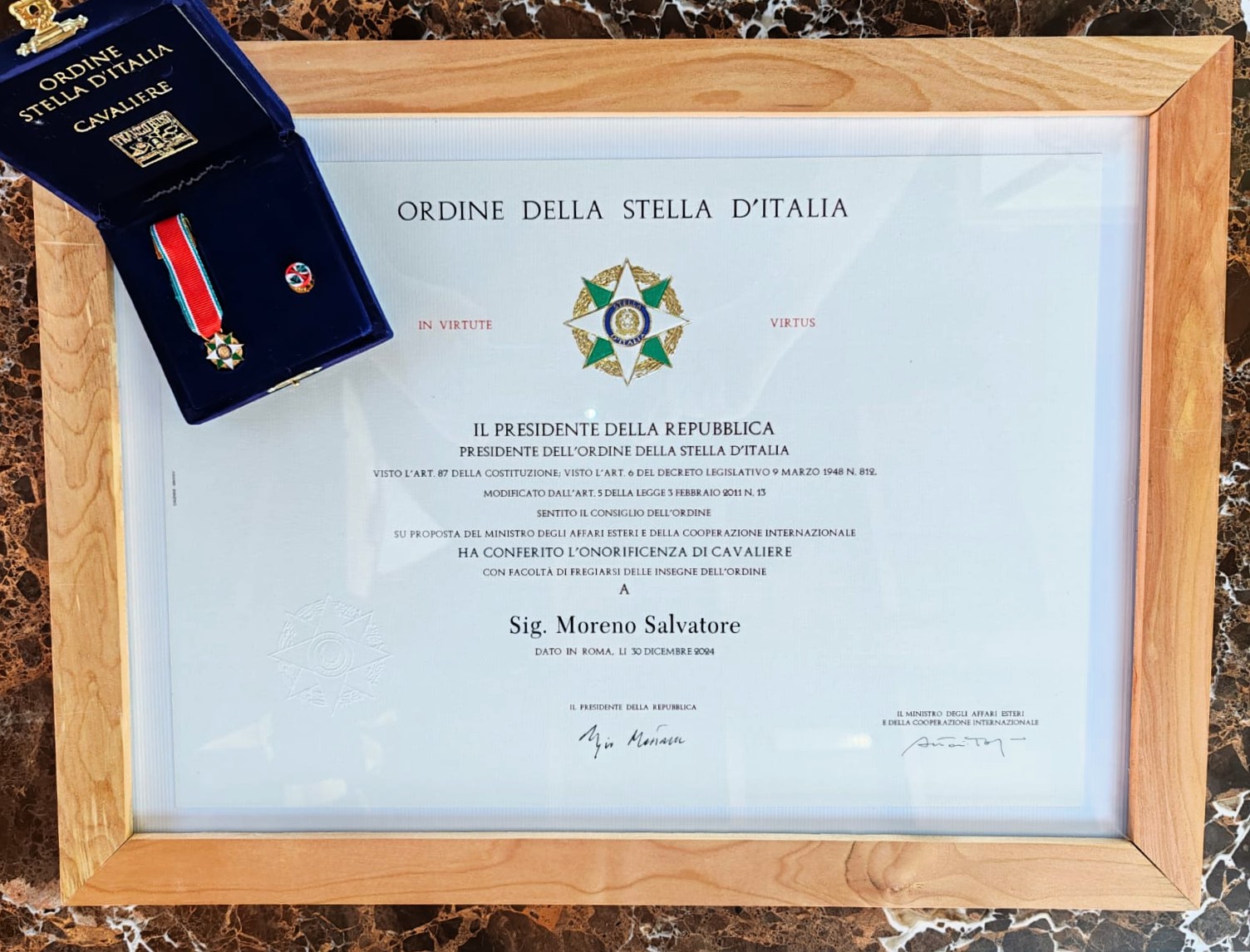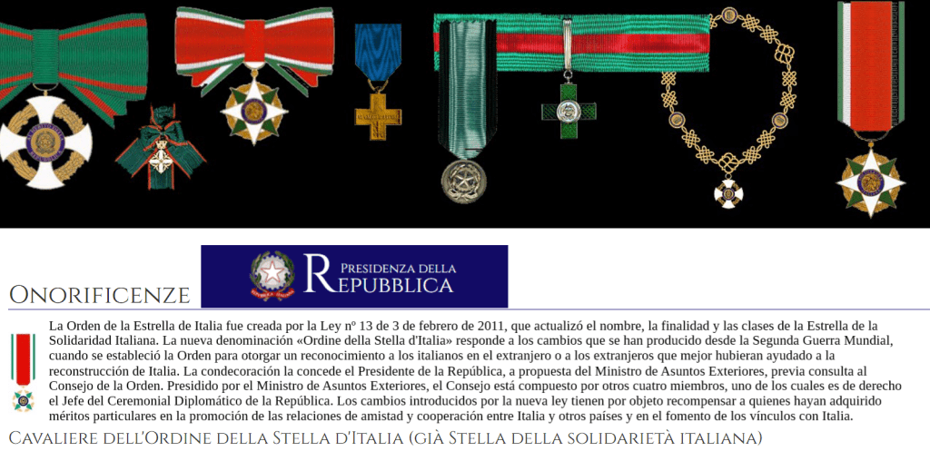 Me siento profundamente honrado de recibir la insignia y el diploma de Cavaliere de la Orden de la Stella d’Italia. Este honor no es simplemente un premio a mi trabajo, es un reconocimiento que me motiva a seguir sirviendo a mi País con compromiso y dedicación.
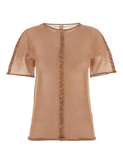 blush beige ruffled detailing rolled trim crew neck short sleeves
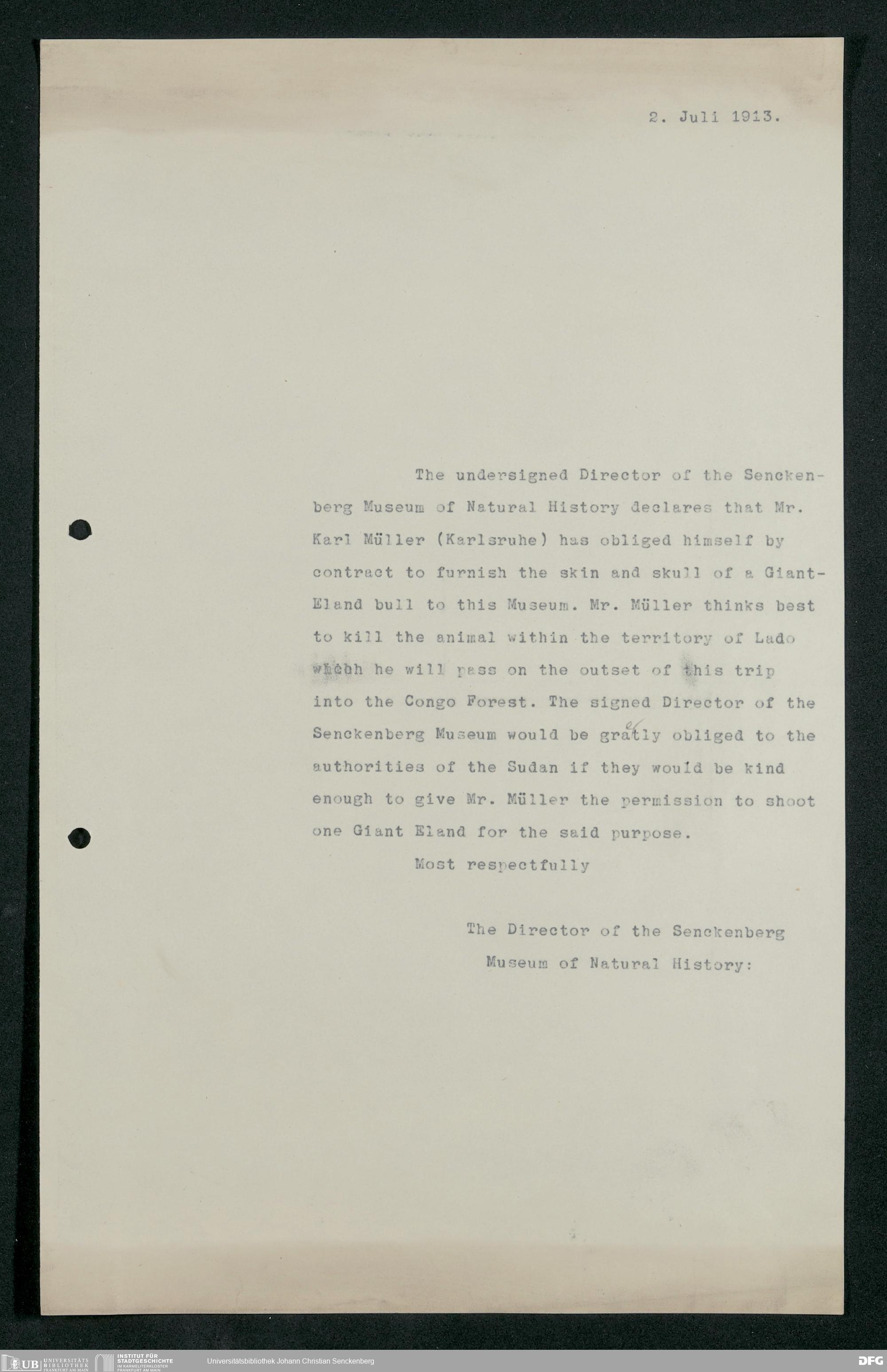 V176 Senckenberg Gesellschaft für Naturforschung, 230 - Unterstützung der Afrika-Expedition von Karl Müller
-*-
## What you should do
Without any pictures, print the whole listing again exactly as it stands.

## Reply
 Me siento profundamente honrado de recibir la insignia y el diploma de Cavaliere de la Orden de la Stella d’Italia. Este honor no es simplemente un premio a mi trabajo, es un reconocimiento que me motiva a seguir sirviendo a mi País con compromiso y dedicación.
 blush beige ruffled detailing rolled trim crew neck short sleeves
 V176 Senckenberg Gesellschaft für Naturforschung, 230 - Unterstützung der Afrika-Expedition von Karl Müller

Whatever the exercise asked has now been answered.